Los Angeles (AFP)

Toothbrushes, toys, medicines, clothes and handwritten letters. From 2003 to 2014, Tom Kiefer, cleaning up a border post between the United States and Mexico, picked up and photographed the objects confiscated from migrants seeking a better life.

The result is condensed in "The American Dream", a series of photographs exhibited at the Los Angeles Skirball Cultural Center until March.

From a certain distance, many of his works resemble abstract art: modern, lively, colorful. But take a closer look and you will see the dozens of syringes, pills, multicolored and multifaceted mobile phones carefully arranged on canvas.

"We left our clothes, combs, wallets, phone numbers, without knowing whether or not we were going to come back," recalls Dominga Rodriguez, 48-year-old Mexican, who came to see the exhibition.

Nearly 30 years ago, it crossed the desert of the state of Oaxaca, on the way to the United States.

"It's moving, because I came the same way," she says, her throat tied.

Each year, hundreds of thousands of illegal migrants are apprehended, detained and separated from their personal effects during their crossing from Mexico to the United States.

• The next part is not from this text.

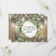 Uma ilustração maravilhosa e vibrante que apresenta uma coroa circular de folhas de eucalipto que repousa sobre uma vibrante castanha escura e um fundo azul esparso que tem luzes cintilantes brilhantes e jarras de pedras falsas que parecem brilhar e brilhar. Há modelos na frente e atrás para você personalizar. Estes são ideais para a queda do país rústico/anúncios de outono, verão, primavera ou inverno "salve a data". Essas cartas chatas luxuosas e elegantes vão deliciar seus convidados.

"One of the things that these photographs remind us of is that even the smallest injustices can be the starting point for something completely inhuman," said Laura Mart, curator of the museum.

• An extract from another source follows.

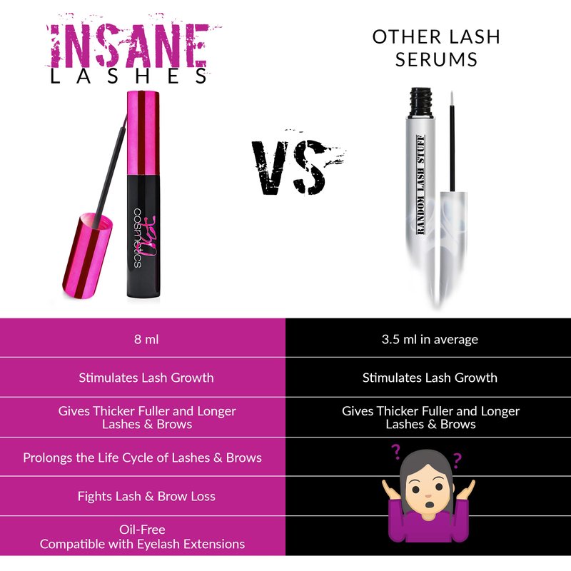 INSANE LASHES is the perfect Lash Growth Serum for those with short or thin Eyelashes / Eyebrows. Prolongs the life cycle of eyelashes and eyebrows while restoring their vitality and promoting better growth. Noticeably improves eye expression. Denser + thicker eyelashes and eyebrows in just a few weeks! FORTIFIES: Strengthens and tones. THICKENS: gives volume, body and thickens the stem of eyelashes and eyebrows. REPARATES: promotes, improves and preserves their elasticity. Improves resilience Regenerates dry, damaged eyelashes and eyebrows and their natural protection. REVITALIZES: Energizes, invigorates, gives shine and penetrates the roots for healthy-looking eyelashes and eyebrows. > PROTECTS: Protects eyelashes and eyebrows against external aggressions, damage caused by dehydration and physical damages such as breakage and peeling, which promotes better growth. HYDRATES: intensely and deeply. - Oil-Free, Fragrance-Free, Paraben-Free. - Can be used with eyelash extensions on or while wearing contact lenses! Made in Canada. INSANE LASHES contains 8 ml (2 X more than competing products) and is very easy to apply thanks to its thin brush applicator. HOW TO USE IT: Apply a very thin coat nightly, at the base of upper lashes and/or eyebrows, on perfectly clean skin, free of makeup, cream, dirt or oily residues. For best results, continue use for 3 months.

"It may seem trivial to confiscate someone's shoelaces, or their toothbrush," she said. "But when you start doing that, you accept treating people that way and before you know it, you get things like separating children from their parents."

Families have been separated at the border due to a "zero tolerance" policy advocated by the government of Donald Trump, to discourage migrants arriving from Mexico. And the fight against immigration is a key subject in the campaign of the American president for his re-election.

Laura Mart points to a photograph of plastic ducks, some stained with mud, a sentimental work but with a pragmatic role.

"The plastic ducks were used to mark the way," she explains. "This way the groups of migrants could successfully navigate amidst cacti and undergrowth."